Magnetic-Field-Induced Spin Nematicity in FeSe1 – x S x and FeSe1 – y Te y Superconductor Systems

Abstract

The angular-dependent magnetoresistance (AMR) of the ab plane is measured on the single crystals of iron-chalcogenide FeSe1–x S x (x = 0, 0.07, 0.13 and 1) and FeSe1–y Te y (y = 0.06, 0.61 and 1) at various temperatures under fields up to 9 T. A pronounced twofold-anisotropic carrier-scattering effect is identified by AMR, and attributed to a magnetic-field-induced spin nematicity that emerges from the tetragonal normal-state regime below a characteristic temperature T sn.

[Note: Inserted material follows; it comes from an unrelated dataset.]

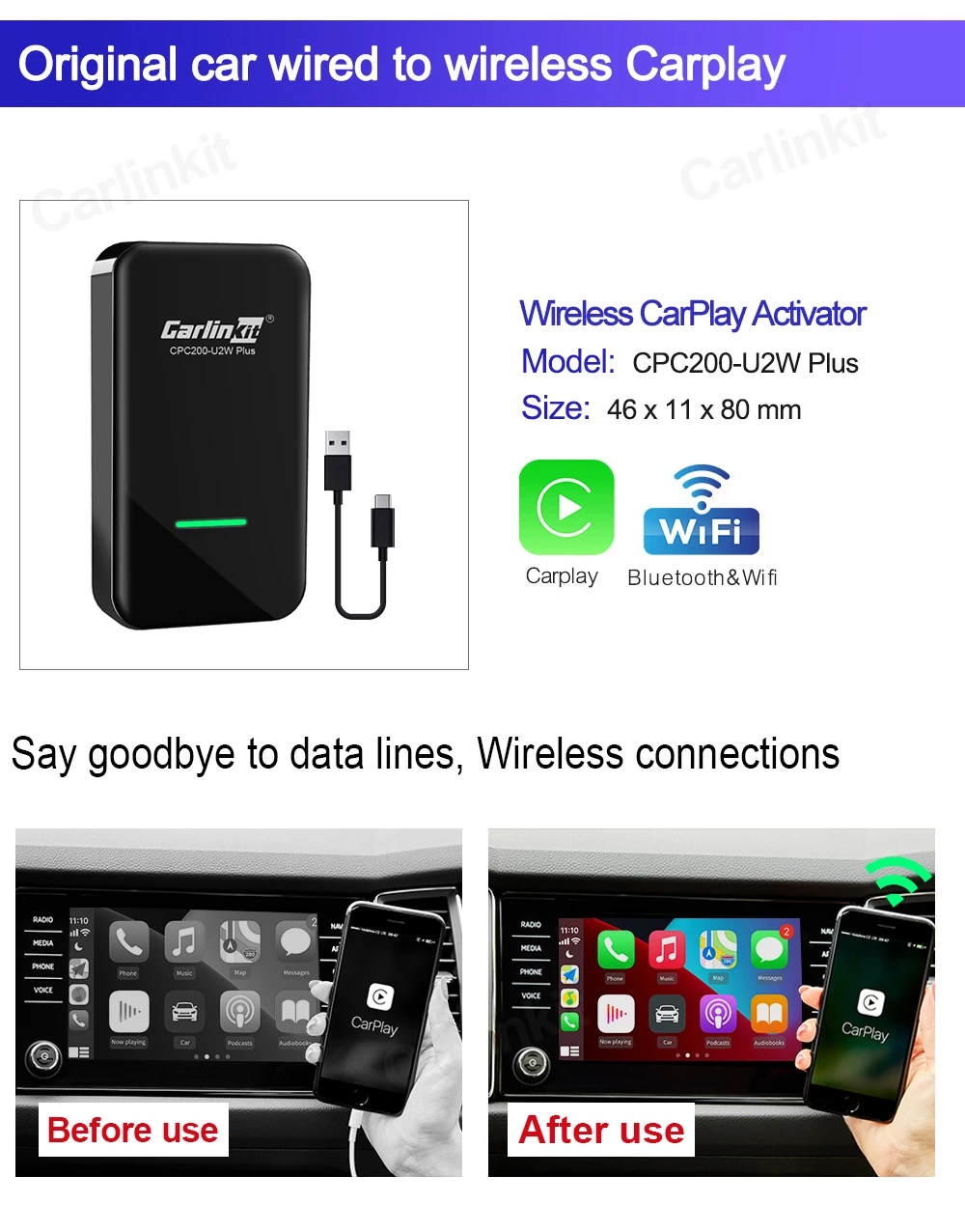 Примечание:Carlinkit настоящим объявляет, что в отношении "Carlinkit 3.0 беспроводной активатор CarPlay на AliExpress: продукт такой же, как и Carlinkit 3,0, мы только что сделали чип лучшего качества для обновления оригинального продукта. Чип делает продукт более стабильным и адаптируемым. Но в сущности, они имеют ту же функцию: пусть автомобиль встроенный проводной OEM CarPlay может использовать беспроводную CarPlay.

This magnetically polarized spin nematicity is found to be ubiquitous in the isoelectronic FeSe1–x S x and FeSe1–y Te y systems, no matter whether the sample shows an electronic nematic order at T s ≲ T sn, or an antiferromagnetic order at T N < T sn, or neither order. Importantly, we find that the induced spin nematicity shows a very different response to sulfur substitution from the spontaneous electronic nematicity: The spin-nematic T sn is not suppressed but even enhanced by the substitution, whereas the electronic-nematic T s is rapidly suppressed, in the FeSe1–x S x system. Furthermore, we find that the superconductivity is significantly suppressed with the enhancement of the induced spin nematicity in both FeSe1–x S x and FeSe1–y Te y samples.